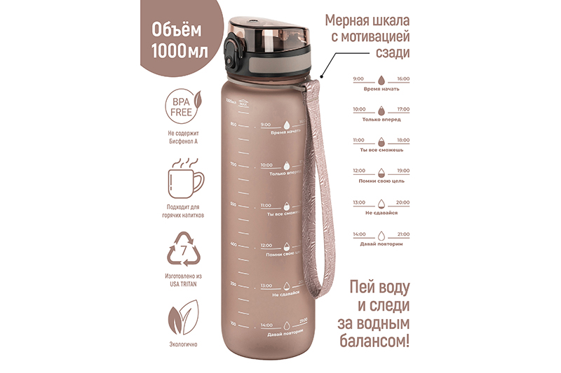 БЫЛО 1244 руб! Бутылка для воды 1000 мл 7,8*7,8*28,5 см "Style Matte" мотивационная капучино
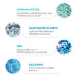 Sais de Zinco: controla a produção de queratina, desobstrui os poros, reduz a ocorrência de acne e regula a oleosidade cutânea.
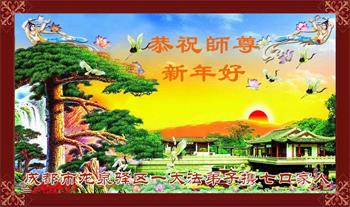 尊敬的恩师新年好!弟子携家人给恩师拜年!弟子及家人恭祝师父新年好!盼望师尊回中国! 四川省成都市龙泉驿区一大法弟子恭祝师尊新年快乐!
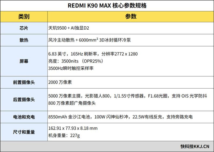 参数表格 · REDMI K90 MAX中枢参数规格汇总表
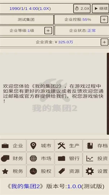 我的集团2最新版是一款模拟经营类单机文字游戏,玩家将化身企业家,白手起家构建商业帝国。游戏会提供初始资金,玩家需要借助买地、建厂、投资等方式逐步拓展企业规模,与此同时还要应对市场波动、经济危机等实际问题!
==
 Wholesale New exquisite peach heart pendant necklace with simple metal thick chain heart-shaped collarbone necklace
...
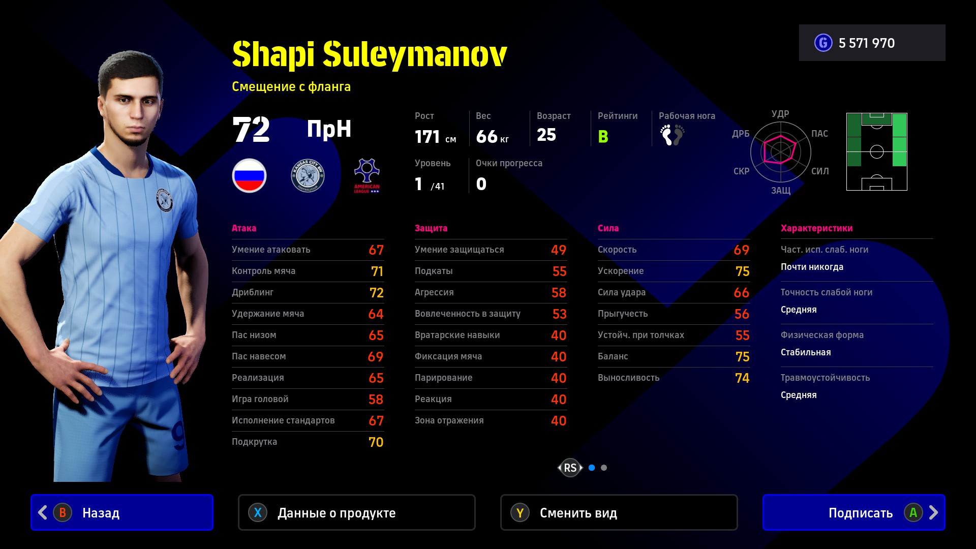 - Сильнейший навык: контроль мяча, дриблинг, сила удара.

» **What you will do**
Your answer should be the exact lines above from the one containing "БЫЛО 1244 руб!" through the one containing "我的集团2最新版是一款模拟经", with both end lines kept and the pictures removed, please.

» **Answer to the problem**
 БЫЛО 1244 руб! Бутылка для воды 1000 мл 7,8*7,8*28,5 см "Style Matte" мотивационная капучино
 Sais de Zinco: controla a produção de queratina, desobstrui os poros, reduz a ocorrência de acne e regula a oleosidade cutânea.
 尊敬的恩师新年好!弟子携家人给恩师拜年!弟子及家人恭祝师父新年好!盼望师尊回中国! 四川省成都市龙泉驿区一大法弟子恭祝师尊新年快乐!
 参数表格 · REDMI K90 MAX中枢参数规格汇总表
 我的集团2最新版是一款模拟经营类单机文字游戏,玩家将化身企业家,白手起家构建商业帝国。游戏会提供初始资金,玩家需要借助买地、建厂、投资等方式逐步拓展企业规模,与此同时还要应对市场波动、经济危机等实际问题!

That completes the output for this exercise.